Der Verzicht auf tierische Produkte in Nahrung, Kleidung und Gebrauchsgegenständen ist lange Zeit belächelt worden. Inzwischen ist die vegane Lebensweise im täglichen Miteinander angekommen. Restaurants und Kantinen bieten vegane Speisen an, vegane Lebensmittel haben sich aus den Bioläden bis in die Regale der Supermärkte durchgesetzt. Vegane Kleidung liegt voll im Trend. Alles zum Schutz der Tiere, gegen deren Ausbeutung und Tierquälerei. In den letzten Jahren hat sich ein weiteres Argument für die vegane Lebensweise dazugesellt: Der Klimaschutz. Inzwischen ist erwiesen, dass auch die Tierhaltung klimaschädlich ist. Denn mit Methan und Lachgas bläst die Landwirtschaft viele klimaschädliche Stoffe in die Luft. Allein in Deutschland trägt die die Landwirtschaft etwa sieben Prozent zur Gesamtemission dieser Stoffe bei.

Klimawandel

Greta Thunberg auf der UN-Klimakonferenz 2019 in Madrid vor Mikrofonen
Greta Thunberg auf der UN-Klimakonferenz 2019 in MadridBild: AFP/C. Quicler

Lange schon wurde das Problem auf Weltklimakonferenzen angesprochen und lange schon wurden Maßnahmen getroffen, um die Erderwärmung zumindest aufzuhalten. Doch niemandem ist die Sensibilisierung für das Thema so gut gelungen wie der jungen Schülerin Greta Thunberg. Als 16-Jährige streikt sie und geht freitags nicht mehr in die Schule, kurze Zeit später spricht sie vor den Großen der Welt beim Klimagipfel. Schüler auf der ganzen Welt tun es ihr nach, sie gehen freitags auf die Straße statt zum Unterricht, lassen Spott, Häme, Besserwisserei von unbelehrbaren Erwachsenen an sich abtropfen - und haben es geschafft: Die Welt hört auf sie. Menschen achten auf Plastikmüll, fahren mehr Fahrrad, Politiker schnüren Klimapakete - sogar die EU-Kommission hat jüngst einen Klima-Deal vorgestellt. Klingt vielleicht alles bemüht und wird die Katastrophe wohl nicht (allein) aufhalten. Doch die Partei "Die Grünen" wird in Deutschland von so vielen Menschen gewählt wie noch nie zuvor.

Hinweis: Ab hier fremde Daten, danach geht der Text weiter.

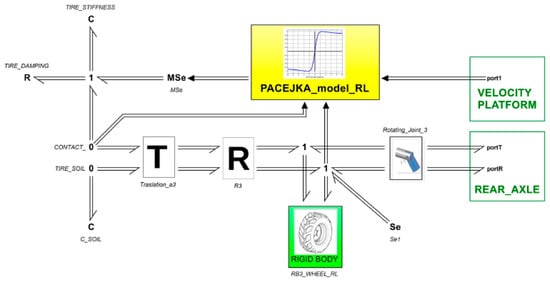 Next, this study will focus specifically on the wheel submodule, which, as shown in Figure 8, incorporates the behavior of the wheel as a rigid solid (green box) and the tire/soil interaction (yellow box).

Achtsamkeit, Hygge und Selbstoptimierung

Symbolbild Zweisamkeit Zwei menschen in Strandklörben im Sonnenuntergang
Bild: picture-alliance/dpa/H.-C. Dittrich

Angesichts der drohenden Klimakatastrophe, des Elends hunderttausender Flüchtlinge, der Politik des amtierenden US-Präsidenten und vieler weiterer scheinbar unlösbarer Konflikte auf der Welt scheint man seine Mitte wieder mehr bei sich selbst zu suchen. In keinem Jahrzehnt ist so viel Literatur erschienen, die sich mit Lebensqualität beschäftigt. In nachhaltig hergestellten Zeitschriften gibt es Anleitungen zur Achtsamkeit, Yogakurse, Artikel über das Aussteigen. Das dänische Wort "hygge" bedeutet: Lebe glücklich, genieße den Moment, tu dir und anderen Gutes.

Das klappt nur, wenn man mit sich selbst im Reinen ist. Den Weg dorthin versprechen uns Persönlichkeitscoachs und Psychologen in unzähligen Podcasts und Youtube-Videos mit millionenfachen Abrufzahlen und auf ausverkauften Rednerveranstaltungen. Mit dem Thema wird derzeit eine Menge Geld verdient. Das mag kritikwürdig sein - doch wenn es den Leuten danach besser geht ...

In diesem Sinne wünscht die Redaktion Ihnen einen gelungenen Start ins neue Jahrzehnt!